Кучумов понял, что поговорить надо с ним, поэтому Валентина и сидит, дожидается. Но на голодный желудок говорить без толку, подождет ещё полчаса. Переоделся, поужинал. Кто хорошо работает, тот ест быстро. Оставили мать на кухне посуду мыть, прошли с дочкой в кабинет.
— Ну, во что там твой Манохин опять вляпался?
Валентина глубоко вздохнула.
— Вижу ведь… Не тяни, говори по делу.
— По делу… Женя решил перестраховаться и организовал слежку за нашей бывшей сотрудницей Иващенко, помнишь? Ну, той, которую преследовал Кононенко. Когда убили его…
— Помню — которая раскрыла ваши махинации. Неописуемая красавица…
Это Дмитрий Николаевич процитировал Дубова — именно так выразился Слон, когда в недоброй памяти первую встречу повествовал с невинной рожей о резне в Садах и намекал, что Иващенко и её напарника трогать нельзя.
Валентина вскинулась:
— Какая там она красавица!
— Ну-ну, уймись. И что показала слежка?
— У них с её хахалем теперь своя фирма.
— Знаю.
— И она встречается со Слоном.
Кучумов побарабанил пальцами по столу.
— И это все, что удалось узнать твоему благоверному болвану?
— Пап, давай без комментариев, ладно? В общем, Женя хотел её контакты проверить… Ну, не проболталась ли…
— Знаешь, дочь, я могу и без комментариев сказать, что твой Евгений просто кретин. Ведь Слон ещё тогда меня прямо предупредил, чтобы её не трогали, а я вам передал.

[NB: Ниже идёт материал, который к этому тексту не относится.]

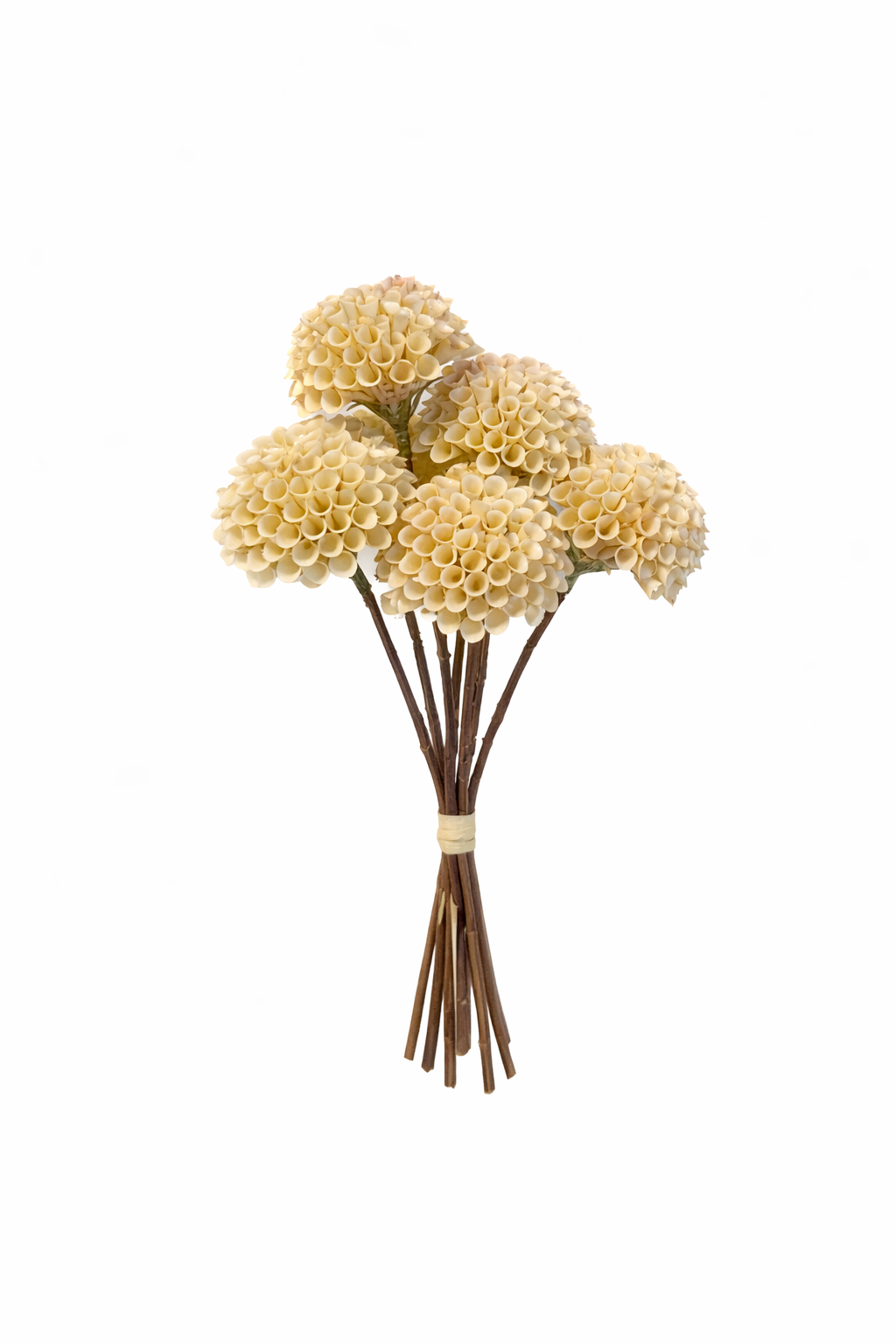 Das Dahlienbündel überzeugt durch seine naturgetreue Optik und die harmonische, cremefarbene Farbgebung. Der dekorative Seidenblumenstrauß besteht aus 7 sorgfältig gearbeiteten Dahlienblüten, die zu einem kompakten Bündel zusammengefasst sind. Die fein ausgearbeiteten Blütenköpfe mit ihrer detailreichen Struktur verleihen dem Arrangement eine hochwertige, natürliche Anmutung.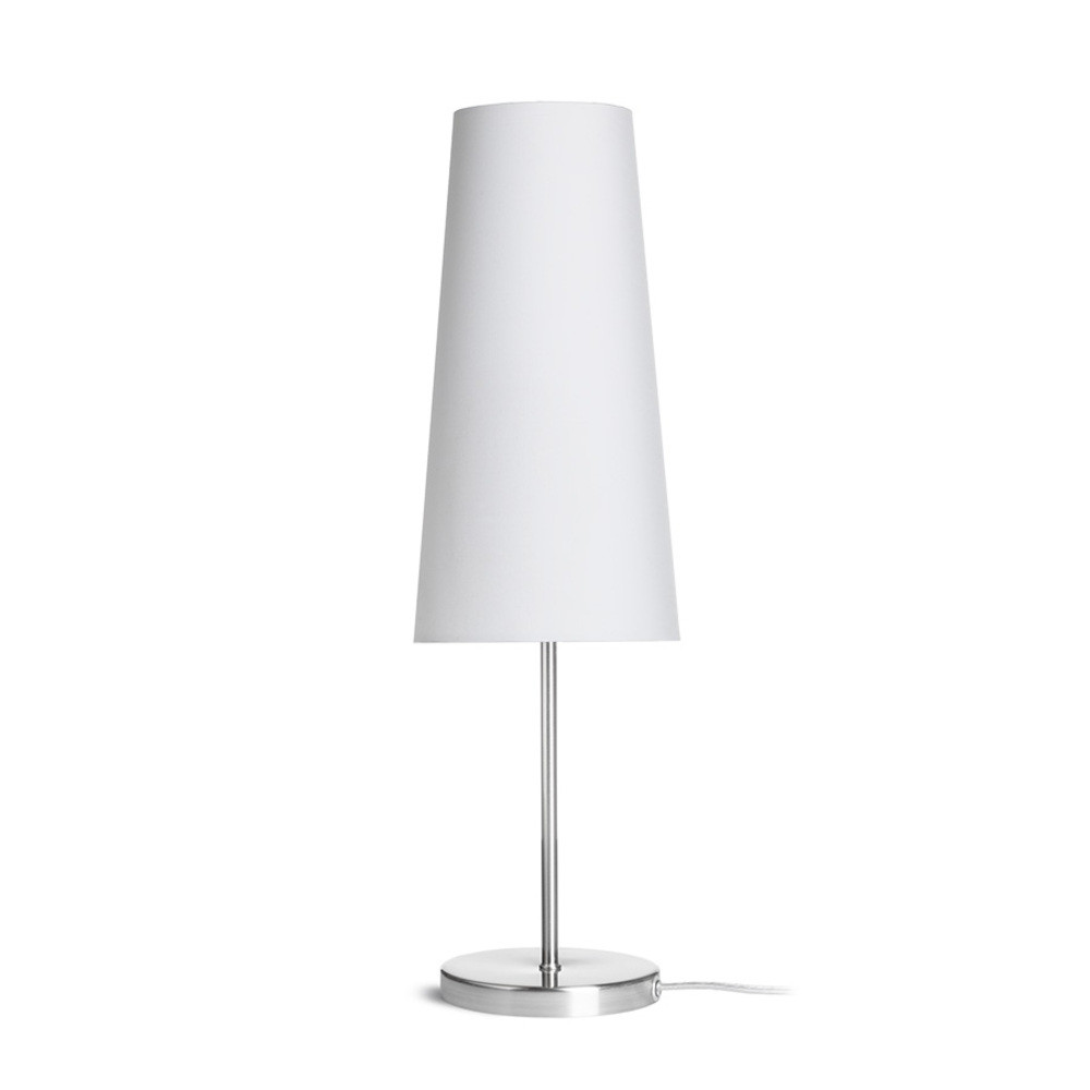 Table lamp with textile shade and metal base. Suitable for LED E27 light sources.

Не просто передал — приказал! А твой… — Кучумов остановился и перевел дыхание, — …муженек…
Он замолчал, переждал минутку. Прошелся по комнате.
— Ладно, раз сама пришла, значит, понимаешь. — Вдруг свел брови, прищурился. — Только, чует мое сердце, это не все…
Валентина проглотила комок в горле.
— Да, не все. Мальчишка, который следил… поймали его…
Пересиливая себя, она рассказала все, что знала, не упустив кровавых подробностей.
Кучумов закурил, выпустил струю дыма под стол.
— Ну спасибо, порадовала… Опять вы меня, детки дорогие, подставили не просто подставили! Слон меня и раньше за глотку держал, а теперь и вовсе не слезет, как же, слова не держу!
Валентина подавленно молчала.
— Ну, поблагодари от меня своего муженька, погладь по заднице, которая у него вместо головы…
— Папа!
— Что — папа? Опять обгадились с головы до ног, а теперь "папа"? Ну когда ты его научишь хоть на один ход вперед думать?..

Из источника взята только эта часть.